This certifies that _________________________, or registered assigns,
is the registered owner of the number of Rights set forth above, each of which
entitles the owner, subject to the terms, provisions and conditions of the
Shareholders Rights Agreement dated as of April 15, 1996, as amended (the
"Rights Agreement"), between Bone Care International, Inc., a Wisconsin
corporation (the "Company"), and Norwest Bank Minnesota, N.A. (the "Rights
Agent"), to purchase from the Company at any time after the Distribution Date
and prior to the Close of Business on April 13, 2006, at the principal office of
the Rights Agent or its successor as Rights Agent, one two-hundredth of a fully
paid and nonassessable share of Series A Junior Participating Preferred Stock,
$.001 par value (the "Preferred Shares"), of the Company at a price (the
"Exercise Price") of $50.00 per one two-hundredth of a Preferred Share, upon
presentation and surrender of this Rights Certificate with the Form of Election
to Purchase and the related Form of Certification of Status duly executed,
together with such signature guarantees and other documentation as the Rights
Agent may reasonably request. The number of Rights evidenced by this Rights
Certificate (as well as the number of one two-hundredths of a Preferred Share
which may be purchased upon the exercise of each Right) set forth above, and the
Exercise Price set forth above, are the numbers and the Exercise Price as of
September __, 1999, based on the Preferred Shares as constituted on such date.
As provided in the Rights Agreement, such number of Rights (and/or such number
of one two-hundredths of a Preferred Share) and such Exercise Price are subject
to change and adjustment upon the happening of certain events specified in the
Rights Agreement. Capitalized terms not defined herein have the respective
meanings specified in the Rights Agreement.
From and after the first occurrence of any Section 11(a)(ii) Event, if
the Rights evidenced by this Rights Certificate are Beneficially Owned by (i) a
Restricted Person, (ii) a transferee from a Restricted Person who becomes a
transferee after the Acquiring Person becomes such or (iii) under certain
circumstances specified in the Rights Agreement, a transferee from a Restricted
Person who becomes a transferee prior to or concurrently with the Acquiring
Person becoming such, such Rights shall be or become void, and no holder hereof
shall have any rights whatsoever with respect to such Rights.

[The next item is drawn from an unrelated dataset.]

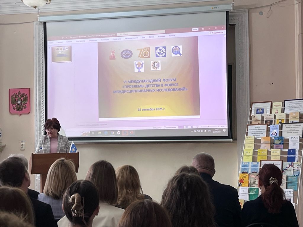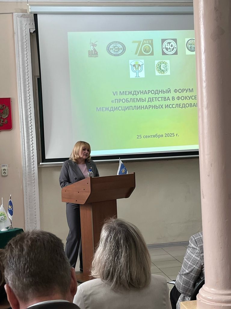 Новости все 01 октября, 2025 VI международный форум «Проблемы детства в фокусе междисциплинарных исследований»25 сентября 2025 г. на факультете психологии и социальной педагогики был проведен VI Международный Форум «Проблемы детства в фокусе междисциплинарных исследований», посвященный 80-летию Великой Победы, 70-летию Таганрогского института имени А.П. Чехова, 40-летию факультета психологии и социальной педагогики. В этом году подано более 300 заявок из России (Москва, Санкт-Петербург, Ростов-на-Дону, Таганрог, ДНР, ЛНР, Мурманск, Липецк, Краснодар и др.), а также из Белоруссии, Испании, Сербии, Нигерии. Тематика работы форума созвучна юбилейным датам и провозглашенному Году защитника Отечества, о чём свидетельствует тематика докладов и выступлений, объединенная общей проблемой духовно-нравственного развития и патриотического воспитания детей и молодёжи. На пленарном заседании прозвучали приветственные слова директора ТИ имени А.П. Чехова С.А. Петрушенко, заместителя генерального директора Российского общества «Знание», генерального директора образовательного Центра «Машук», канд. социол. наук А.В. Серикова, ректора Санкт-Петербургской академии постдипломного педагогического образования им. К.Д. Ушинского А.С. Богданцева, магистра психологии, психолога-логопеда Русской школы г. Барселона (Испания) М. Пашковой, директора Центра развития карьеры Московского экономического института, И.Н. Самойлова, профессора факультета менеджмента, Сремски Карловца, Университетский союз Николы Теслы, Президента Ассоциации развития науки, техники и образования, г. Белград (Сербия) Лазаря Стошича. С докладами «Патриотическое воспитание в Неклиновском районе» и «К проблеме культурного контекста травмобезопасного исторического просвещения», «Приемы создания графических материалов и видеоконтента для реализации STEAM- образования» выступили начальник Управления образования Администрации Неклиновского района РО, канд. пед. наук. В.М. Пегушин, д-р пед. наук, профессор АПП ЮФУ А.Г. Бермус, заместитель декана Белорусского государственного педагогического университета имени Максима Танка г. Минск (Белоруссия) Н.С. Сологуб. Программу пленарного заседания завершило выступление с докладом «Феномен детства в антропологической оптике» проф. кафедры психологии ТИ имени А.П. Чехова (филиала) РГЭУ (РИНХ), д-ра филос. наук, научного руководитель Центра «Антропология Детства»» Т.Д. Скудновой. Работа международного форума была продолжена в рамках 4 секционных заседаний: 1). Теоретические и практические аспекты междисциплинарных исследований проблем детей и молодежи (модераторы – проф. Т.Д. Скуднова, доц. Ю.К. Дуганова); 2). Теоретические и прикладные исследования психологии духовно-нравственного развития личности в воспитательно-образовательном процессе (модераторы – доц. В.И. Мищенко, доц. Е.В, Казанцева); 3). Патриотическое воспитание подрастающего поколения в непрерывном образовании (модераторы – доц. Л.Я. Жилина, ст. преп. К.В. Гуменюк); 4). Наставничество как феномен духовной навигации в педагогическом образовании: современные технологии и эффективные практики (модераторы – доц. Т.И. Меньшикова, ст. преп. С.Э. Бартенева). Мастер-классы были организованы на 5 тематических площадках: 1). Центр «Антропология детства» – мастер- класс «Брошь-цветок», мастер-класс «Русск
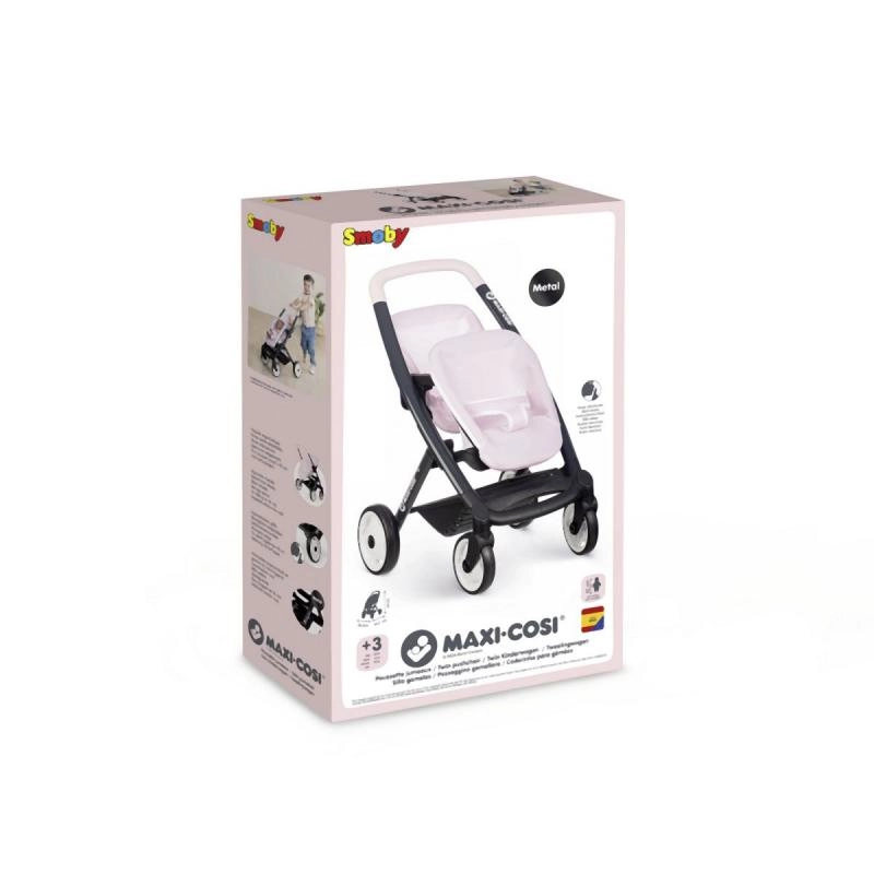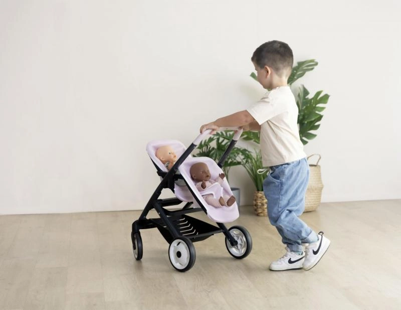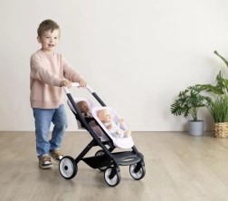 Sportinis dvynių lėlių vežimėlis iš Smoby prekės ženklo, nuostabaus Quinny dizaino. Šis modernus vežimėlis turi nuimamas sėdynes ir tylius ratukus, užtikrinančius patogų naudojimą.

This Rights Certificate is subject to all of the terms, provisions and
conditions of the Rights Agreement, which terms, provisions and conditions are
incorporated herein by reference and made a part hereof, to which Rights
Agreement reference is hereby made for a full description of the rights, powers,
obligations, duties and immunities hereunder of the Company, the Rights Agent
and the holders of the Rights Certificates. Under the circumstances set forth
in the Rights Agreement, the exercisability of the Rights represented hereby may
be temporarily suspended. The Rights Agreement is on file at the principal
office of the Company and at the principal office of the Rights Agent, and a
copy will be provided upon written request to the Secretary of the Company.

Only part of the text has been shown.